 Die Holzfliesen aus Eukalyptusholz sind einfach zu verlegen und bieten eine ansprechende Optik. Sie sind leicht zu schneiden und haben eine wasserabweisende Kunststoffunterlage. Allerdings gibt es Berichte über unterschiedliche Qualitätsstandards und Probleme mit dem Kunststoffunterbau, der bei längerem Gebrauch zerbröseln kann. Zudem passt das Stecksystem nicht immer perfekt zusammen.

..........

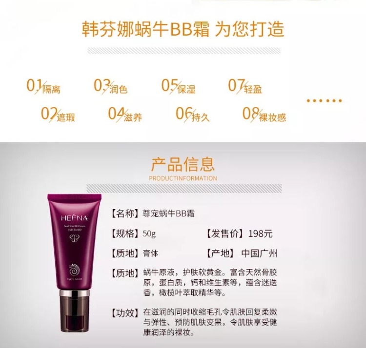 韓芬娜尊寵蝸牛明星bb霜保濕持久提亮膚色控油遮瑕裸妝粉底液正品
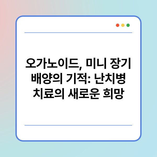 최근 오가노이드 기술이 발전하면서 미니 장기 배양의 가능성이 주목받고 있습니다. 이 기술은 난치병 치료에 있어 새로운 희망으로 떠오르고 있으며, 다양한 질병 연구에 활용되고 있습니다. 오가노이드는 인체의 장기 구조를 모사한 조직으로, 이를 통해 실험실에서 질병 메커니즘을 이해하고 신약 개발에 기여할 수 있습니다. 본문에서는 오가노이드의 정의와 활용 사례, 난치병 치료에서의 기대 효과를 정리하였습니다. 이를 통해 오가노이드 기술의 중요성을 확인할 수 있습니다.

..........

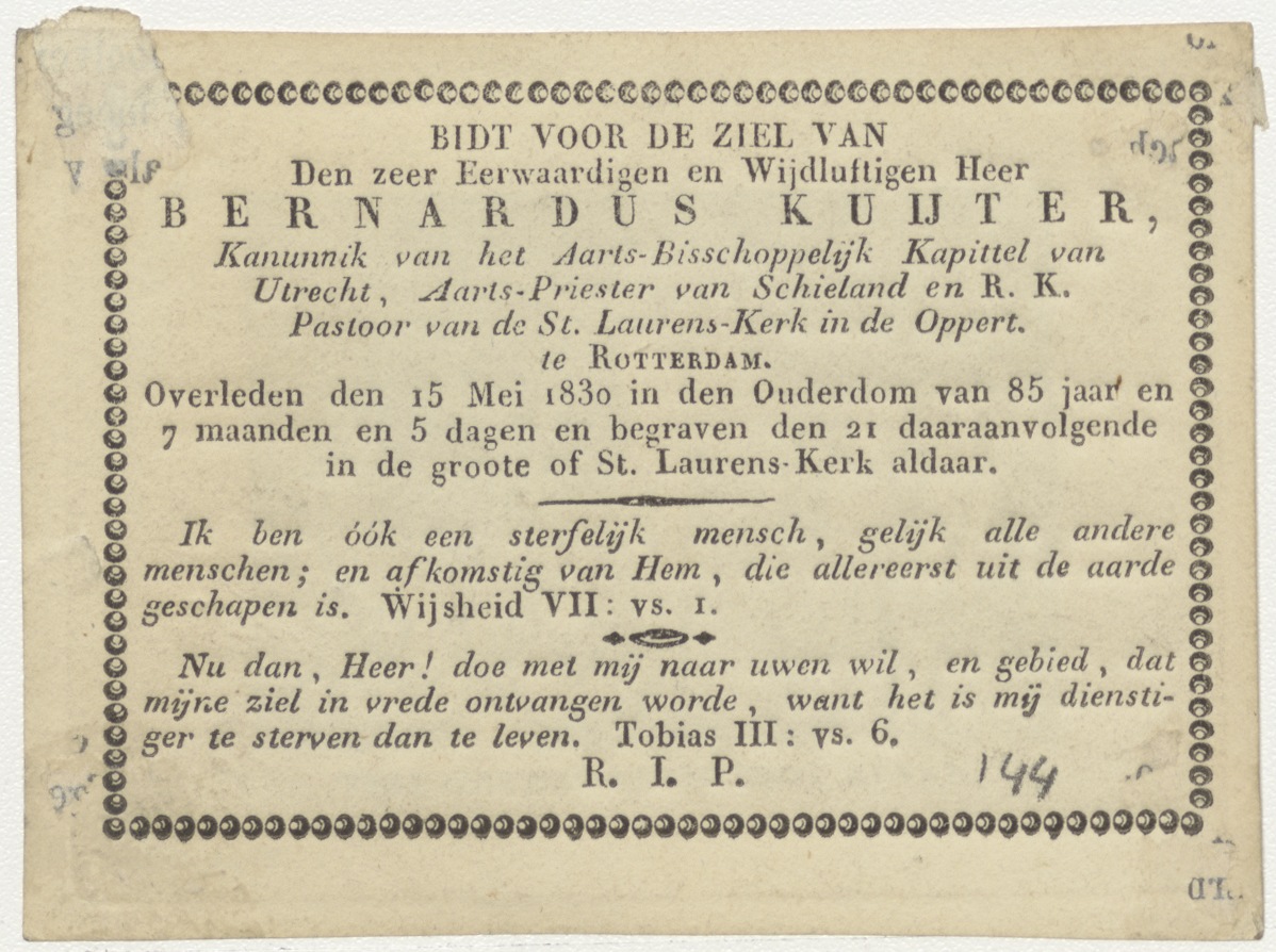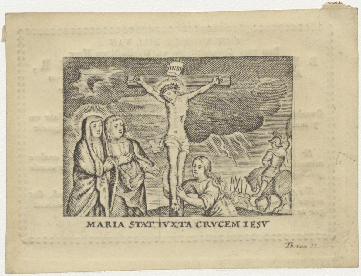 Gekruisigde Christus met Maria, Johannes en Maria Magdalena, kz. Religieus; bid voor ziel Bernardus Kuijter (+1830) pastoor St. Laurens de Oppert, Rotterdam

..........

TASK DESCRIPTION: Return the stretch of data that begins with the line showing "韓芬娜尊寵蝸牛明星bb霜保濕持久提亮膚色控油遮瑕裸妝粉底液正品" and goes on through the line showing "최근 오가노이드 기술이", exactly, with pictures removed.

WORKED SOLUTION:
 韓芬娜尊寵蝸牛明星bb霜保濕持久提亮膚色控油遮瑕裸妝粉底液正品
 최근 오가노이드 기술이 발전하면서 미니 장기 배양의 가능성이 주목받고 있습니다. 이 기술은 난치병 치료에 있어 새로운 희망으로 떠오르고 있으며, 다양한 질병 연구에 활용되고 있습니다. 오가노이드는 인체의 장기 구조를 모사한 조직으로, 이를 통해 실험실에서 질병 메커니즘을 이해하고 신약 개발에 기여할 수 있습니다. 본문에서는 오가노이드의 정의와 활용 사례, 난치병 치료에서의 기대 효과를 정리하였습니다. 이를 통해 오가노이드 기술의 중요성을 확인할 수 있습니다.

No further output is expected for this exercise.